I'll give some examples

* 0.1, float(0.1) and double(0.1) are NOT the same numbers

* a fixed point signed 16 bit number (Q0.15) goes from -32768 to +32767, and it is not simmetrical, so you cannot represent with it
an analog quantity of +1 to -1. It only goes from +0.999969 to -1. If this is not taken into account an overflow may occur. Reading the posted link it seems that this could have happened, ie if the routine thinks that the highest positive number (+1) is +32768, it will actually represent the largest negative number, -32768

* floating point accuracy is limited!!! See attached code from matlab and the weird result.
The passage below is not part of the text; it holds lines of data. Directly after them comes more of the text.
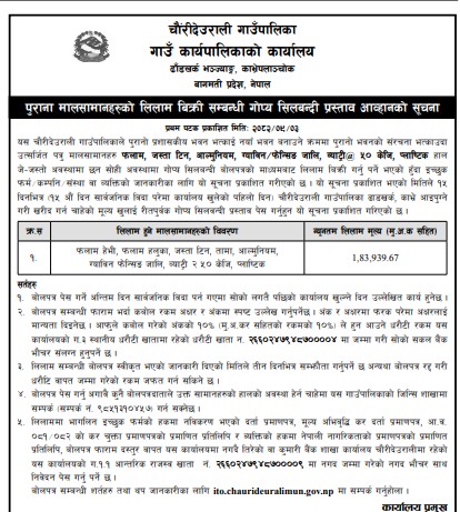 पुराना मालसामानहरुको लिलाम विक्रि सम्बन्धी सिलबन्धी प्रस्तावको सूचना ।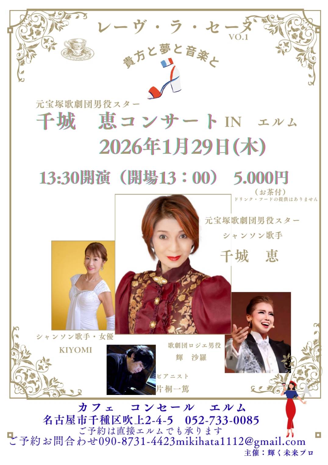 2026 1/29 千城 恵コンサート IN エルム 千城 恵 2026年1月29日(木) 【出演】千城恵(vo)KIYOMI(vo)輝沙羅(vo)片桐一篤(pf) 【金額】5,000円(飲食提供なし、お茶付) 【時間】open 13:00 / start 13:30 【場所】Café concert ELM 【ご予約】 TEL 052-733-0085 Post Share Line 記事のタイトルとURLをコピーする イベント一覧 2026年1月29日のイベント 2026 1/29 渡辺実枝子 渡辺実枝子2026年1月29日(木) 【出演】渡辺実枝子(vo)山下力哉(pf) 【金額】3,500円+1オーダー 【時間】open 19:00 / start 19:30 【場所】Café concert ELM 【ご予約】 TEL 052-733-0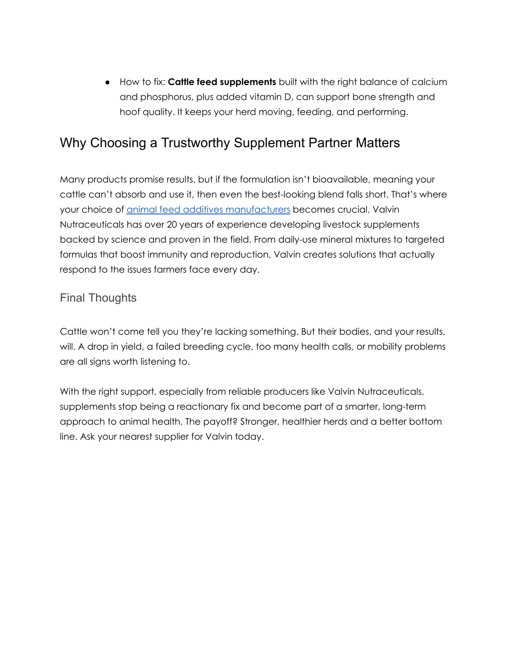 ● How to fix: Cattle feed supplements built with the right balance of calcium and phosphorus, plus added vitamin D, can support bone strength and hoof quality. It keeps your herd moving, feeding, and performing. Why Choosing a Trustworthy Supplement Partner Matters Many products promise results, but if the formulation isn’t bioavailable, meaning your cattle can’t absorb and use it, then even the best-looking blend falls short. That’s where your choice of animal feed additives manufacturers becomes crucial. Valvin Nutraceuticals has over 20 years of experience developing livestock supplements backed by science and proven in the field. From daily-use mineral mixtures to targeted formulas that boost immunity and reproduction, Valvin creates solutions that actually respond to the issues farmers face every day. Final Thoughts Cattle won’t come tell you they’re lacking something. But their bodies, and your results, will. A drop in yield, a failed breeding cycle, too many health calls, or mobility problems are all signs worth listening to. With the right support, especially from reliable producers like Valvin Nutraceuticals, supplements stop being a reactionary fix and become part of a smarter, long-term approach to animal health. The payoff? Stronger, healthier herds and a better bottom line. Ask your nearest supplier for Valvin today.

* Never compare for equality two floating point numbers. For example, there is a system defined constant for PI called M_PI with lots and lots of decimals, but this code:

float x=M_PI;
if (x-PI)==0) return 1
else return 0;

it returns 0.

Maxlor · « **Reply #3 on:** July 29, 2016, 09:50:24 am »
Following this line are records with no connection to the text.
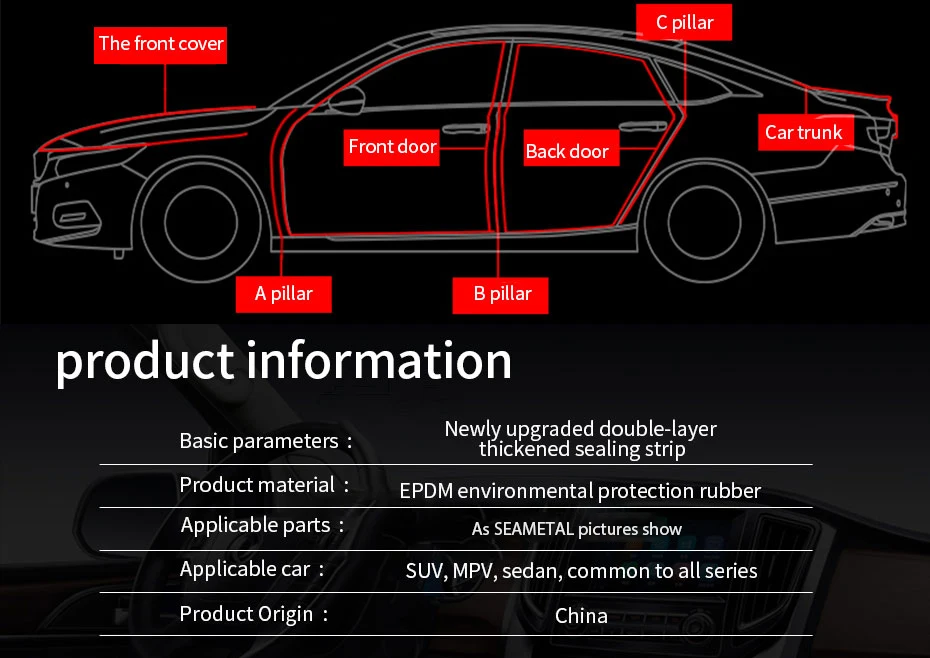 Резиновое уплотнение для дверей автомобиля, автомобильные дверные уплотнения, Двухслойное защитное уплотнение, шумоизоляция для дверных капотов, багажников
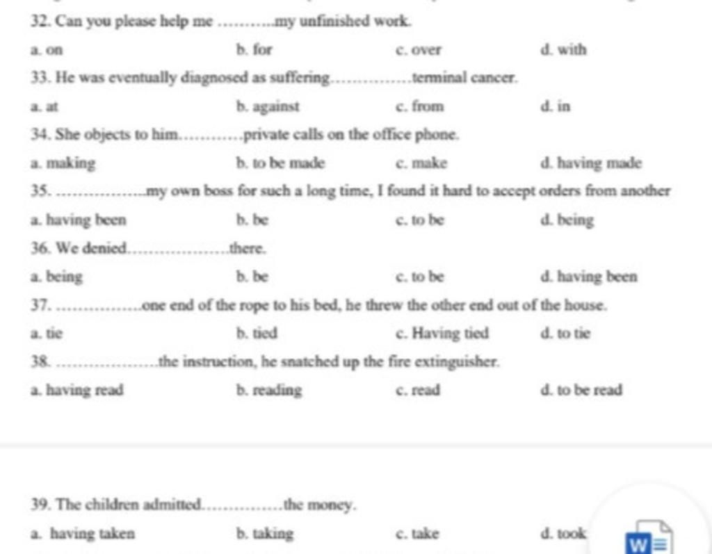 32. D --> help đi với giới từ "with" khi chỉ sự giúp đỡ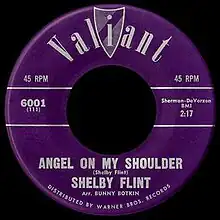 - ↑ Shelby Flint - Angel On My Shoulder (45 rpm single) Retrieved September 23, 2023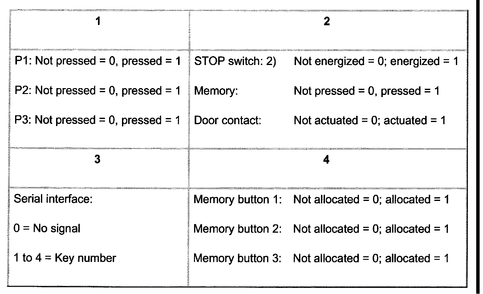2) Emergency off (STOP switch) causes all three positions to be switched to "0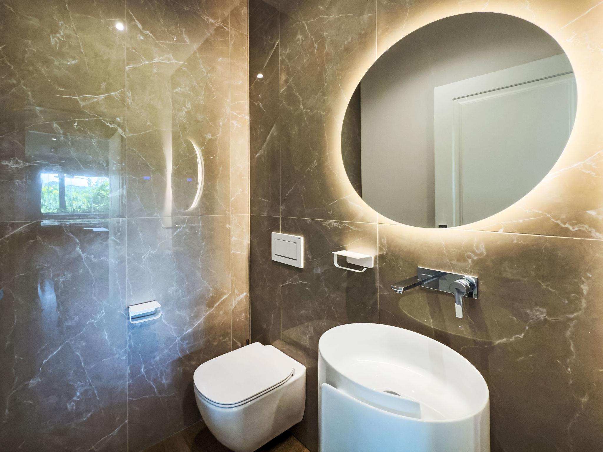 "Villa MaLia Private Pool", 4-room villa 161 m2 on 2 levels, on the ground floor. Spacious and bright, very modern and luxurious furnishings: living/dining room with dining table and TV (flat screen), electric heater. Exit to the garden, to the veranda, to the swimming pool. Luggage room with hand-basin. Kitchen (oven, dishwasher, 4 induction hot plates, toaster, kettle, freezer, electric coffee machine, Capsules for coffee machine (Nespresso + Filtri)). Bathroom. Electric heating, air-conditioning, floor heating. Upper floor: 1 double bedroom with shower/bidet/WC. Exit to the balcony. 1 double bedroom. Exit to the balcony. 1 room with 1 bed, 1 pull-out bed and TV. Shower/bidet/WC. Air-conditioning, floor heating. Wooden floors. Large balcony, large terrace, large patio, garden. Terrace furniture, barbecue, deck chairs, conservatory, sitting area. Panoramic view of the garden, the countryside and golf course. Facilities: washing machine, iron, mosquito net, baby cot for up to 2 year olds, hair dryer. Internet (WiFi, free). Garage on the property (2 cars). Please note: non-smokers only. Private entrance, smoke alarm, fire extinguisher. IT023030B467EAQSED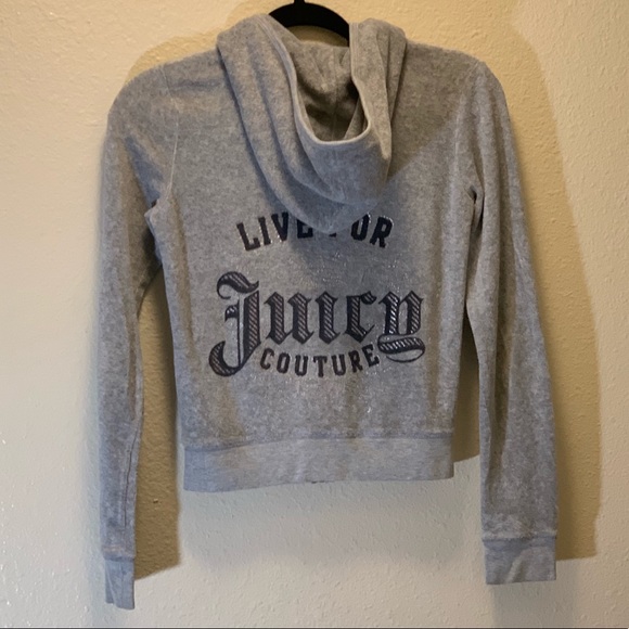 Cute gray zip up hoodie for girls with a pretty print detail on the back.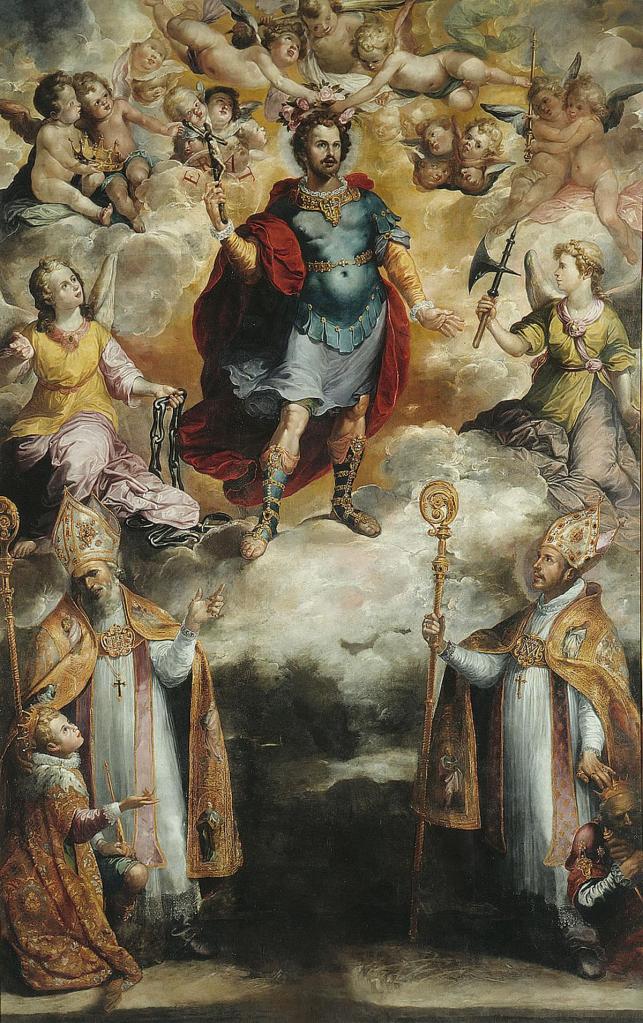 En bas à gauche saint Léandre, évêque de Séville, grand ami de saint Grégoire le Grand. Il protège le jeune Récarède, le frère d’Herménégilde, qui deviendra le roi catholique. A droite saint Isidore, frère et successeur de saint Léandre, qui contemple la gloire d’Herménégilde et maintient à terre le roi arien vaincu par la foi de son fils martyr.
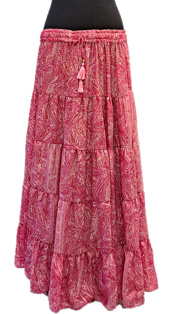 Hedvábně jemná dlouhá letní sukně z Indie růžová se zlatem suk5950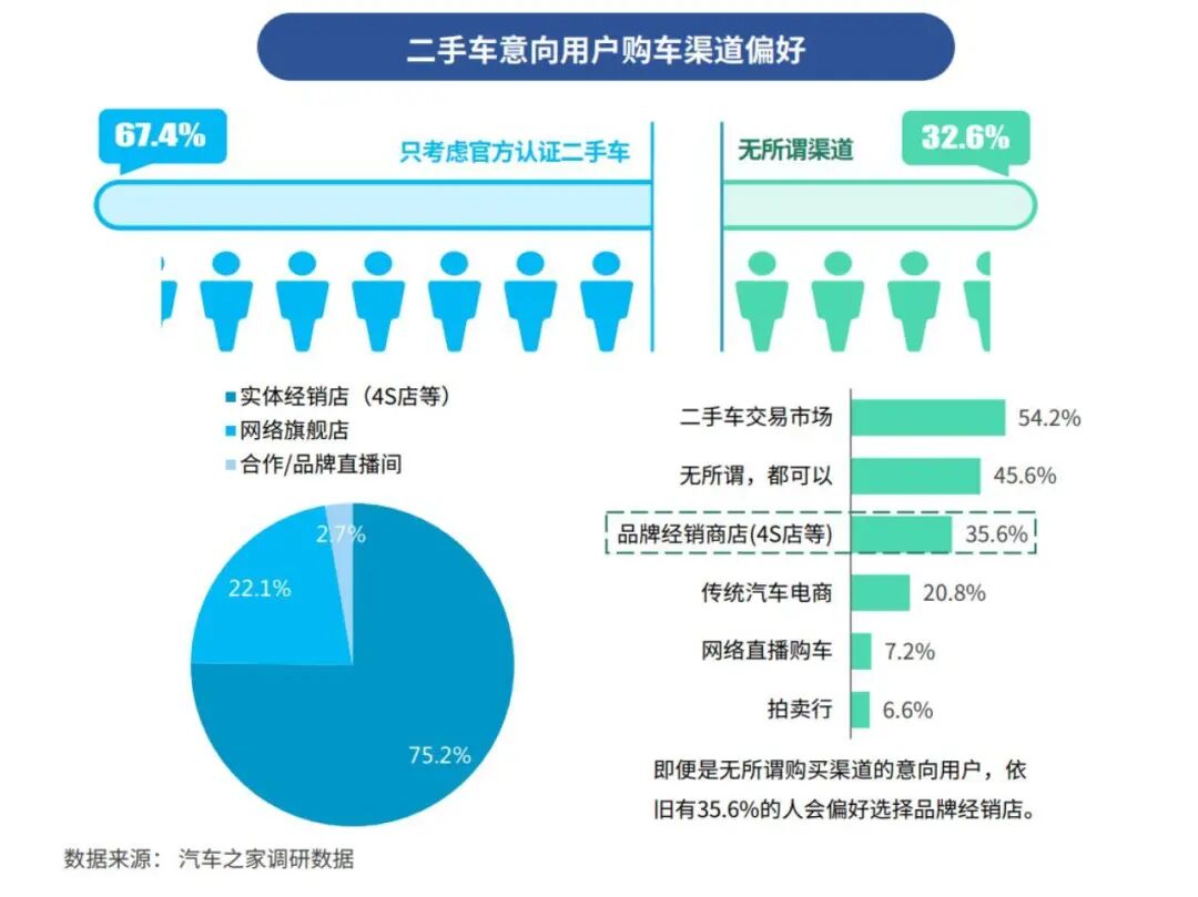 从二手车消费渠道来看,“官方认证二手车”逐渐成为潜在消费者最重要的选择,但落地情况与意向不符。

The function looks correct (although I have never seen that syntax, no idea what it is.) It does exactly what it says it does, under given preconditions.
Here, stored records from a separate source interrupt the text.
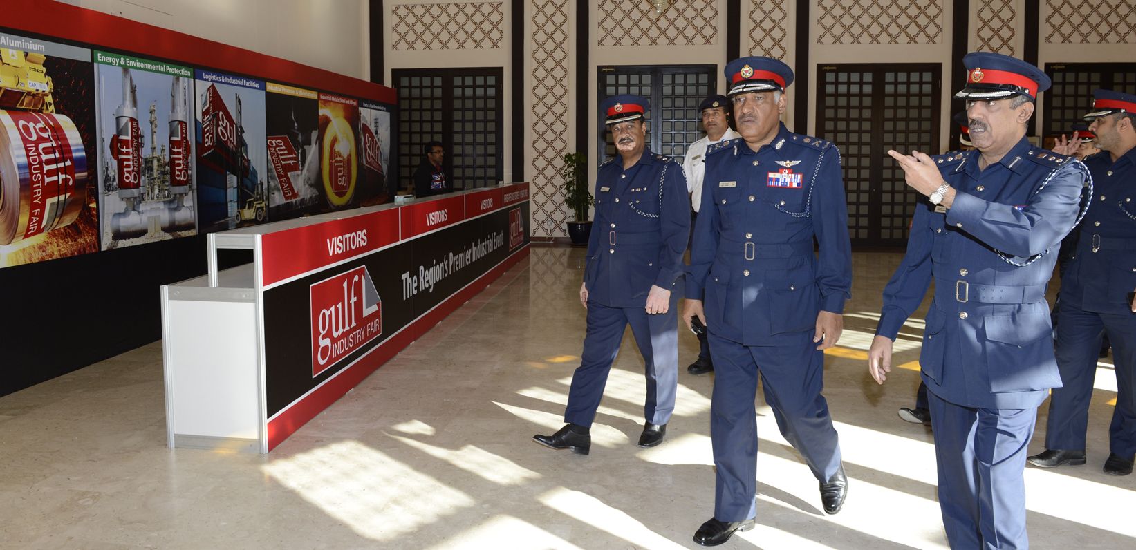 قام نائب رئيس الأمن العام اللواء ناجي فهد الهاشل يرافقه عدد من كبار ضباط وزارة الداخلية بزيارة صباح اليوم الإثنين (2 فبراير/ شباط 2015)، إلى موقع معرض الخليج للصناعة 2015 الذي ستستضيفه مملكة البحرين برعاية رئيس الوزراء صاحب السمو الملكي الأمير خليفة بن سلمان آل خليفة في الفترة مابين 3 إلى 5 فبراير/ شباط 2015، وذلك للاطلاع على الترتيبات والجاهزية الأمنية في توفير الحماية للمعرض.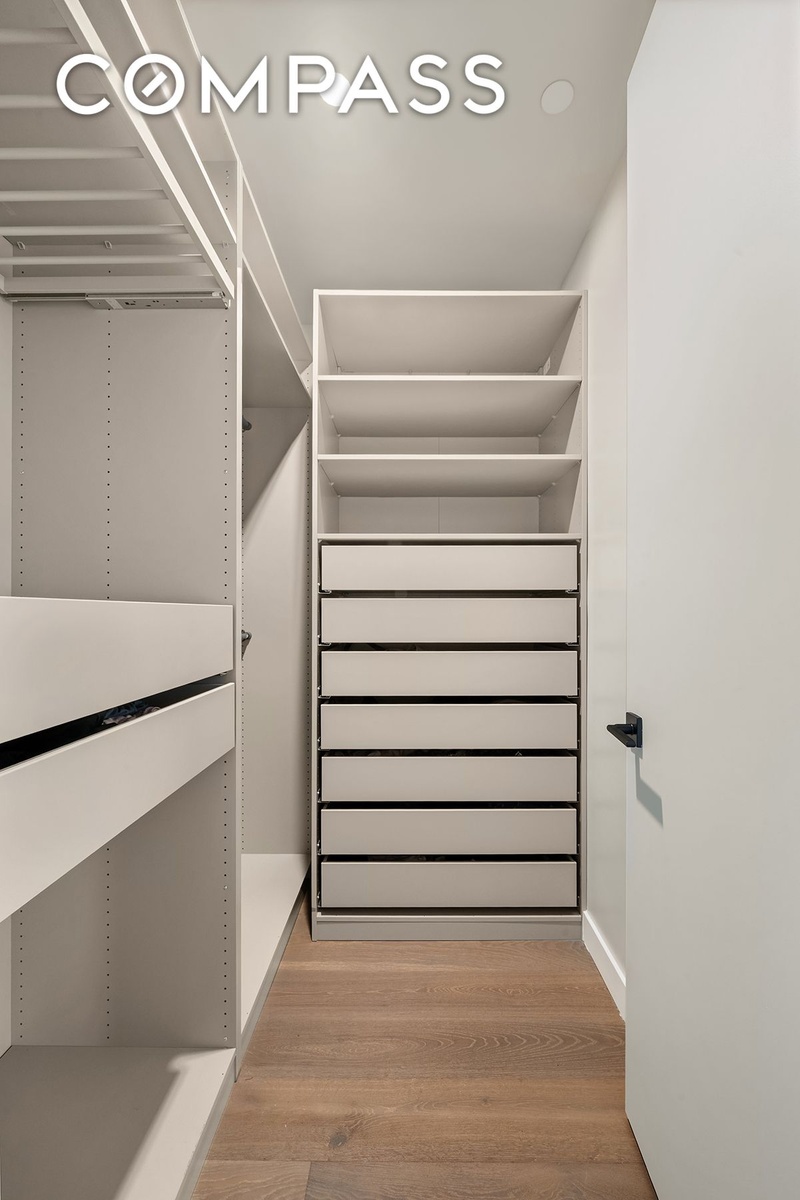 510 Driggs is a 44 unit new development condominium built in 2022 with a suite of amenities including a 24-hour doorman. Residents enjoy a state-of-the-art fitness center, an expansive rooftop terrace with lush plantings, sun loungers and grills, a children’s play room and a resident lounge with co-working spaces and cold storage. The attended lobby is bright and airy with organic accents and tones.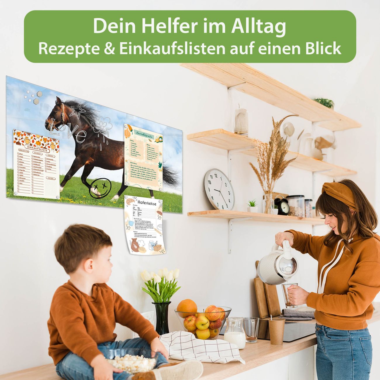 Ein Stück Design, das Ihren Alltag organisiert. Schreiben, heften, inspirieren - alles an einem Ort. Qualität, die man spürt. Montage leicht gemacht. Handwerk mit Herz - veredelt in Sachsen. Einzigartiges Design mit Motiv Motiv Pferd Beschreibbare Glasoberfläche, leicht zu reinigen Starke Magnetkraft durch Stahlrückwand Inklusive 4 Neodym-Magneten Flexible Montageoptionen Handveredelt in Sachsen - Qualität, die bleibt

The problem is with how this function was called, i.e. without checking preconditions, and handling the case where the preconditions aren't met. The default handler apparently was ending the program, which usually is a reasonable thing to do (and often, the only thing to do) but in this case, had some rather explody consequences.

A precondition is a condition, or a check, that must hold (i.e., the check must pass) before a function is called. The function only guarantees its behaviour if the preconditions hold, and if they don't, it might behave in an undocumented way, or crash, or throw an exception.

Similarly, a postcondition is a condition that holds after the function. If they break, it's usually because there's an error in the function implementation.

Generally, when writing a function, it's quite possible that there are sets of input parameters for which the function doesn't make sense, and you don't have enough control over the compiler to prohibit those sets of parameters. An example is a square root function with a signature like this: float sqrt(float value); Now, with these types it's not possible in C to limit value to non-negative values, but that is a precondition of the function. (Note: it cannot return complex values, since the return type is specified as float as well.) When sqrt(-42) is called, the precondition is violated, which is clearly a programming error outside the sqrt() function. The reasonable thing to do here is to abort() or throw an exception so the error can be easily identified and fixed. Or maybe, if this behaviour is documented, return some special value like 0; although such behaviour is likely more trouble than its worth in the long run, since it hides errors, making them much harder to track down.

With safety-conscious code, it's not uncommon to see preconditions and postconditions written down as code, and for the compiler to generate explicit checks for them, so that errors can be found as quickly as possible. But even if no code is generated to check them, all functions can be thought of as having pre- and postconditions. Sometimes they're documented, sometimes they're merely implied.

Dr. Frank · « **Reply #4 on:** July 29, 2016, 10:47:43 am »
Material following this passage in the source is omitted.